__Exercise__
Once you find the line below that contains "県農生と中庭花壇の植え替え", write it out along with every later line exactly as given, stopping only when the records end. Omit the pictures.

__Data under study__
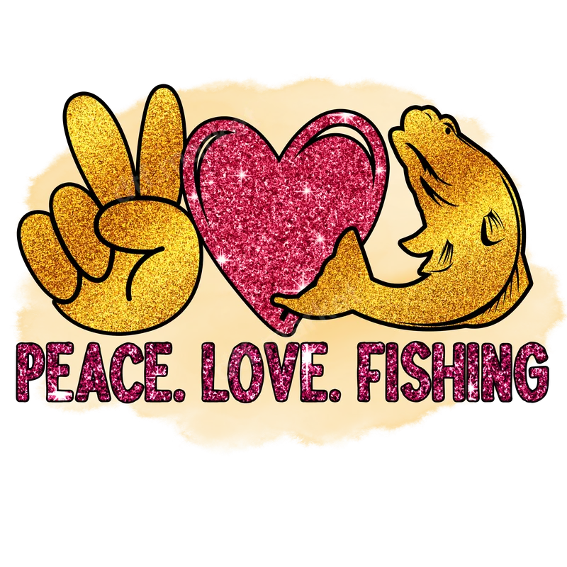 Glitter Peace Love Fishing DTF Transfer | Ready to Press Heat Transfer
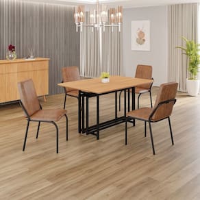 Este conjunto de mesa retangular e 4 cadeiras oferece estilo e praticidade. Com estrutura tubular em aço para estabilidade, o tampo em MDF cinamomo adiciona sofisticação e resistência a riscos e manchas. As cadeiras combinam harmoniosamente com a mesa, garantindo conforto com estofamento. Ideal para diversos espaços, é perfeito para receber convidados ou desfrutar de refeições em família, criando um ambiente acolhedor e elegante.
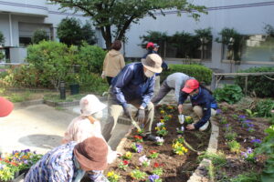 県農生と中庭花壇の植え替え
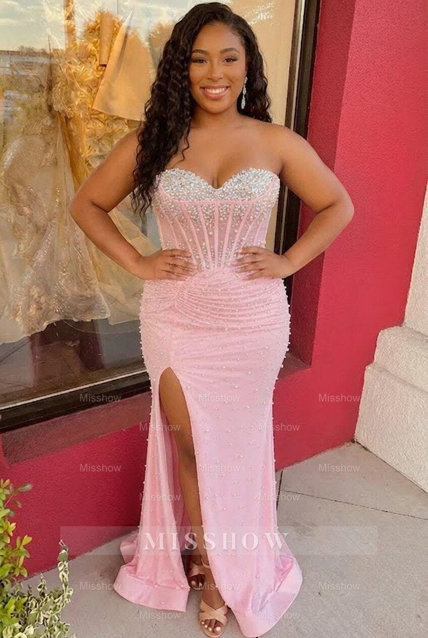 Product Description Make an unforgettable entrance in this exquisite mermaid gown. The strapless bodice elegantly frames the shoulders, while lustrous pearl detailing adorns the silhouette with refined sparkle. A tasteful side slit provides graceful movement without compromising the dress's dramatic floor-length silhouette. The luxurious pink tone radiates sophistication and pairs seamlessly with classic or contemporary styling. Designed for the discerning prom-goer who values both timeless elegance and modern edge—this gown delivers red-carpet presence with understated confidence.
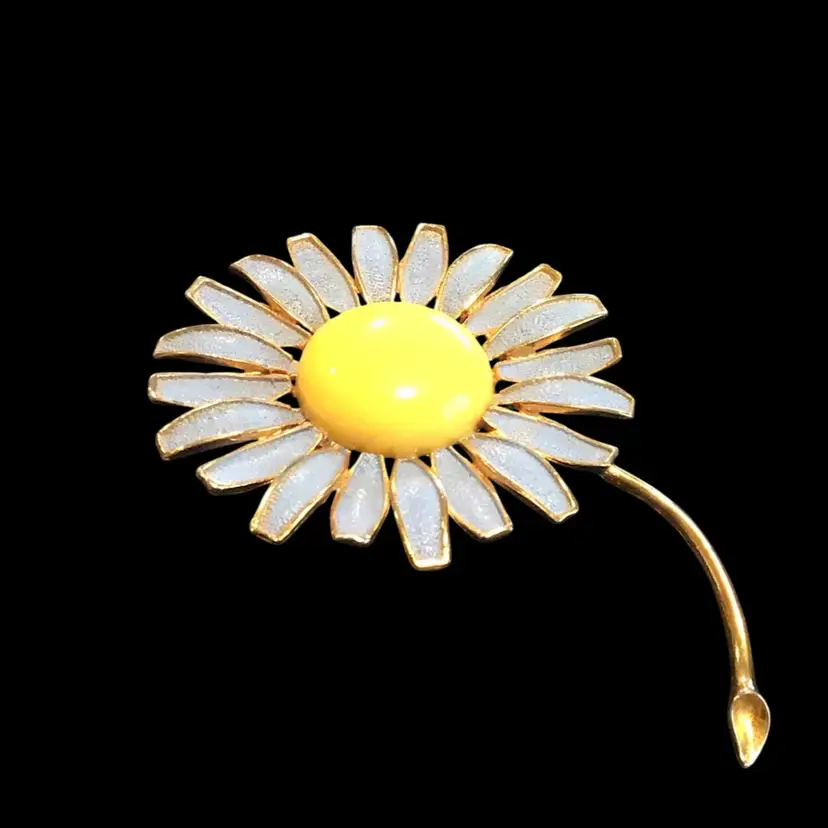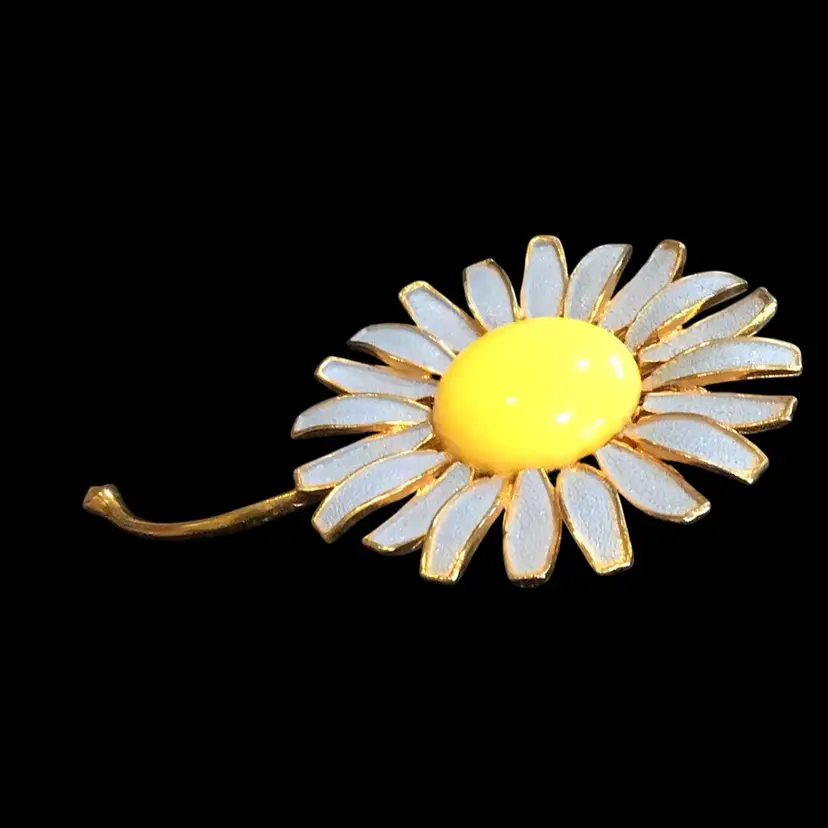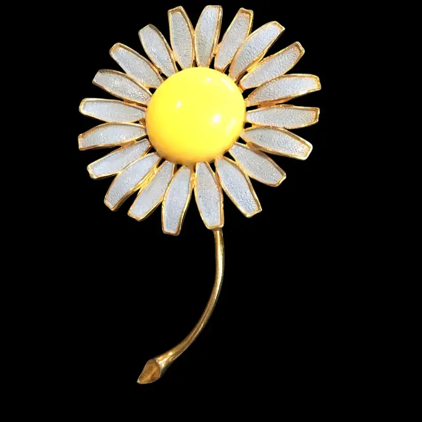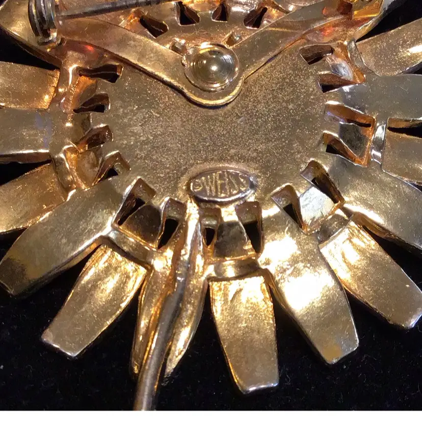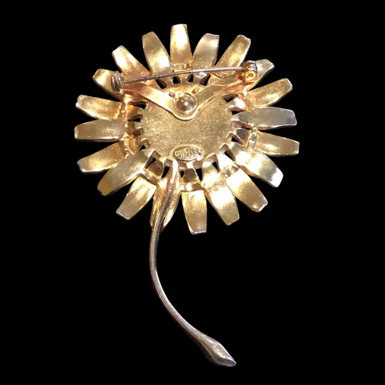 Albert Weiss blue & yellow flower power with gold tone stem 1960s, 3-1/2”x 2-1/4”. #400
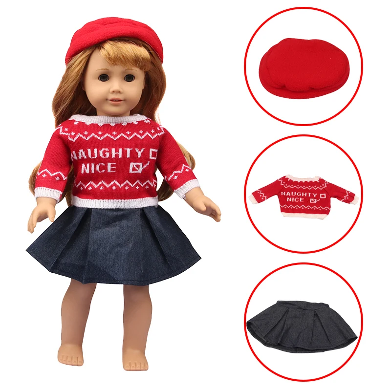 Новинка 2020, юбка красного цвета, костюм из трех предметов для американской куклы 17 дюймов, зимнее элегантное платье, одежда подходит для нашего поколения и куклы
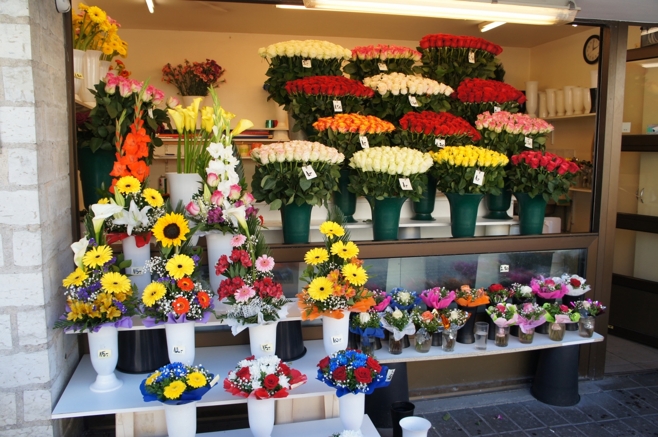 新市街側の通りには、花屋が軒を連ねていて、とても綺麗!
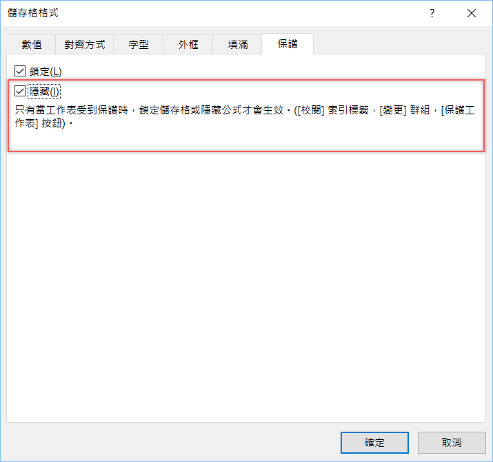 切換到最後一頁「保護」,將「隱藏」這項勾選起來,提示你還要設定保護工作表,這個功能才會起作用。
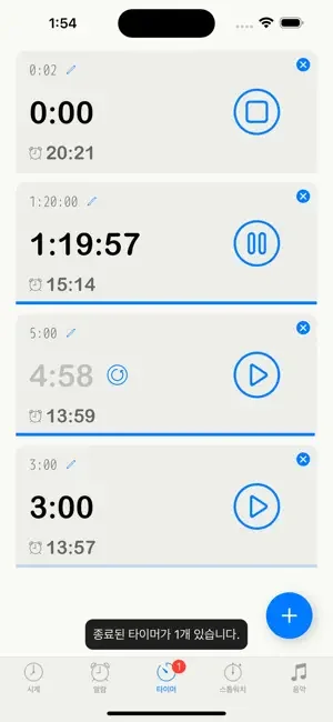 타이머: 1초 ~ 99시간의 타이머를 여러 번 동시에 움직일 수 있습니다. 프리셋·이력으로부터 간단 재생. 화면이 사라져도 알림으로 알려드립니다.
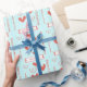 Personalised with your family name cute Aqua and Coral Christmas Holiday Wrapping Paper
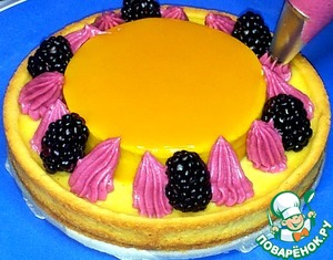 Крем положила в кондитерский мешок с насадкой звёздочка и отсадила с двух сторон ежевики.

__Response box__
 県農生と中庭花壇の植え替え
 Product Description Make an unforgettable entrance in this exquisite mermaid gown. The strapless bodice elegantly frames the shoulders, while lustrous pearl detailing adorns the silhouette with refined sparkle. A tasteful side slit provides graceful movement without compromising the dress's dramatic floor-length silhouette. The luxurious pink tone radiates sophistication and pairs seamlessly with classic or contemporary styling. Designed for the discerning prom-goer who values both timeless elegance and modern edge—this gown delivers red-carpet presence with understated confidence.
 Albert Weiss blue & yellow flower power with gold tone stem 1960s, 3-1/2”x 2-1/4”. #400
 Новинка 2020, юбка красного цвета, костюм из трех предметов для американской куклы 17 дюймов, зимнее элегантное платье, одежда подходит для нашего поколения и куклы
 新市街側の通りには、花屋が軒を連ねていて、とても綺麗!
 切換到最後一頁「保護」,將「隱藏」這項勾選起來,提示你還要設定保護工作表,這個功能才會起作用。
 타이머: 1초 ~ 99시간의 타이머를 여러 번 동시에 움직일 수 있습니다. 프리셋·이력으로부터 간단 재생. 화면이 사라져도 알림으로 알려드립니다.
 Personalised with your family name cute Aqua and Coral Christmas Holiday Wrapping Paper
 Крем положила в кондитерский мешок с насадкой звёздочка и отсадила с двух сторон ежевики.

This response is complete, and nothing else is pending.